* _Exercise aim_: From the entries below, reproduce exactly the lines from the one with "Basilica Menor de" through the one with "Use the date", both included, without images.

* _Data for the task_:
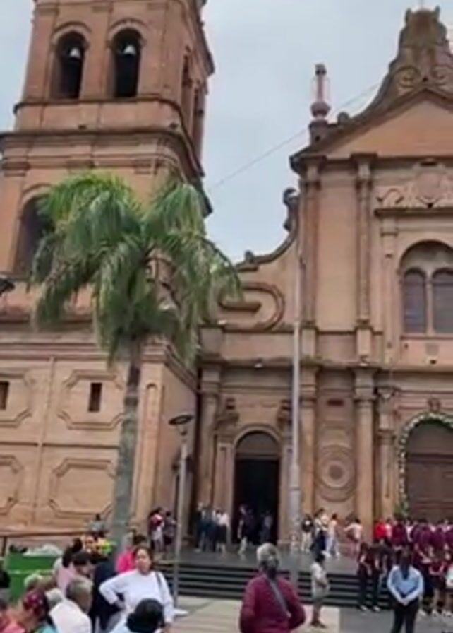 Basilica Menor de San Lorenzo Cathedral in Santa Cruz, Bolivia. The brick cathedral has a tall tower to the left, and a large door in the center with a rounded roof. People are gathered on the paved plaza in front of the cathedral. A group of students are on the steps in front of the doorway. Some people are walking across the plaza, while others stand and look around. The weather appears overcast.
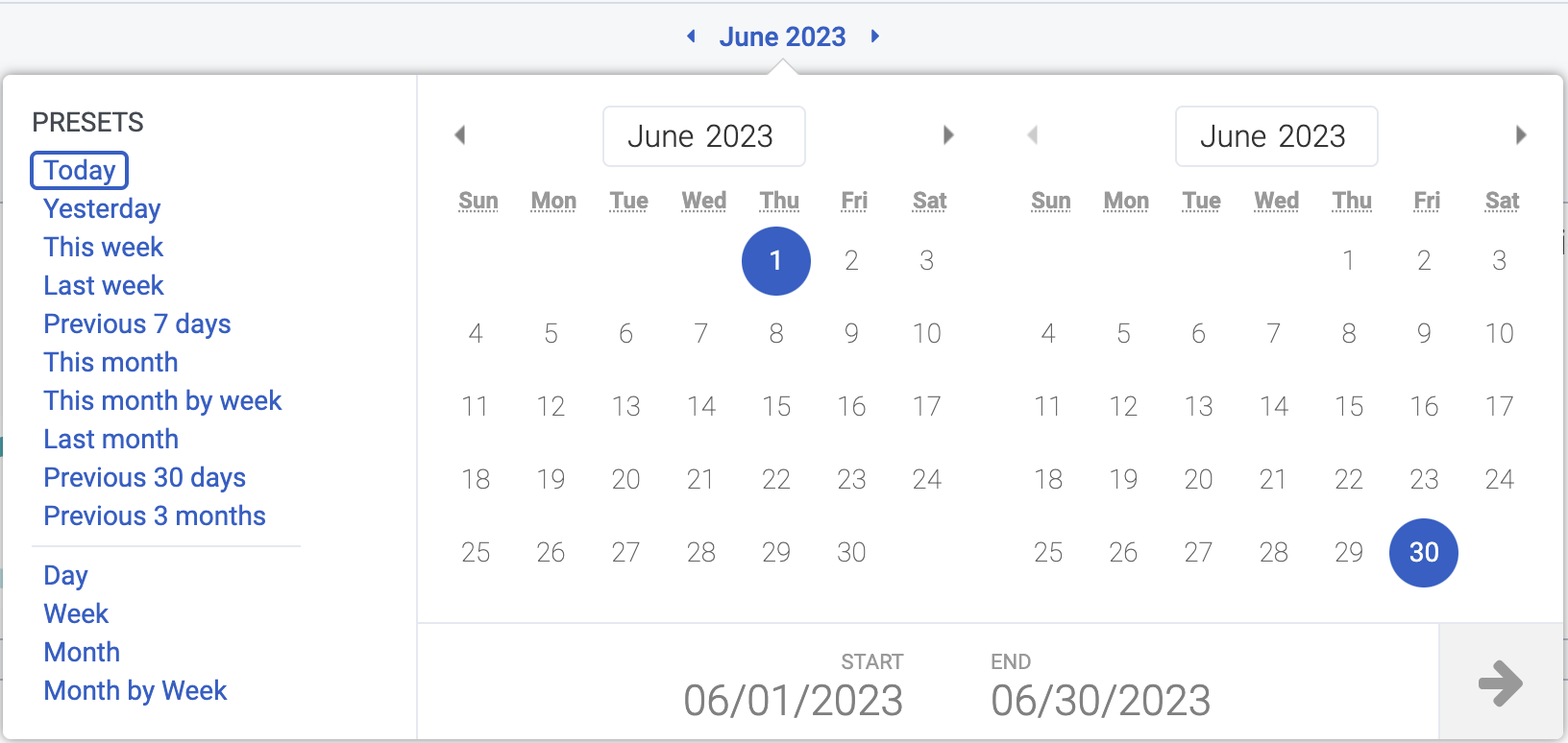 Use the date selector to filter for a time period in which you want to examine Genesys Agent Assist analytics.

--

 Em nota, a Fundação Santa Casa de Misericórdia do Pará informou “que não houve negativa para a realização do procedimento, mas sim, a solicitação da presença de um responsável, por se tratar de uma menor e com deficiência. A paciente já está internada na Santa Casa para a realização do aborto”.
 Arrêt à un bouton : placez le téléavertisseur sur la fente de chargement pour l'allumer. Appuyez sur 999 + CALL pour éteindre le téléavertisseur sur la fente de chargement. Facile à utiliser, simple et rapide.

* * *

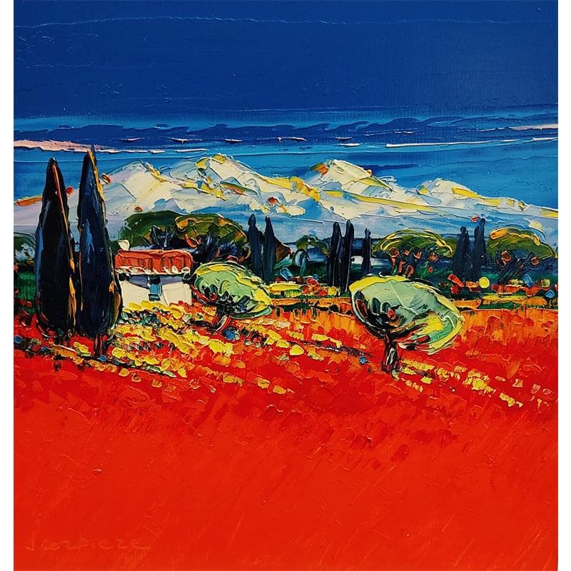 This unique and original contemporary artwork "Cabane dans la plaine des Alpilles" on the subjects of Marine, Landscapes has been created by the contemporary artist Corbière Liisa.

* _Your solution_:
 Basilica Menor de San Lorenzo Cathedral in Santa Cruz, Bolivia. The brick cathedral has a tall tower to the left, and a large door in the center with a rounded roof. People are gathered on the paved plaza in front of the cathedral. A group of students are on the steps in front of the doorway. Some people are walking across the plaza, while others stand and look around. The weather appears overcast.
 Use the date selector to filter for a time period in which you want to examine Genesys Agent Assist analytics.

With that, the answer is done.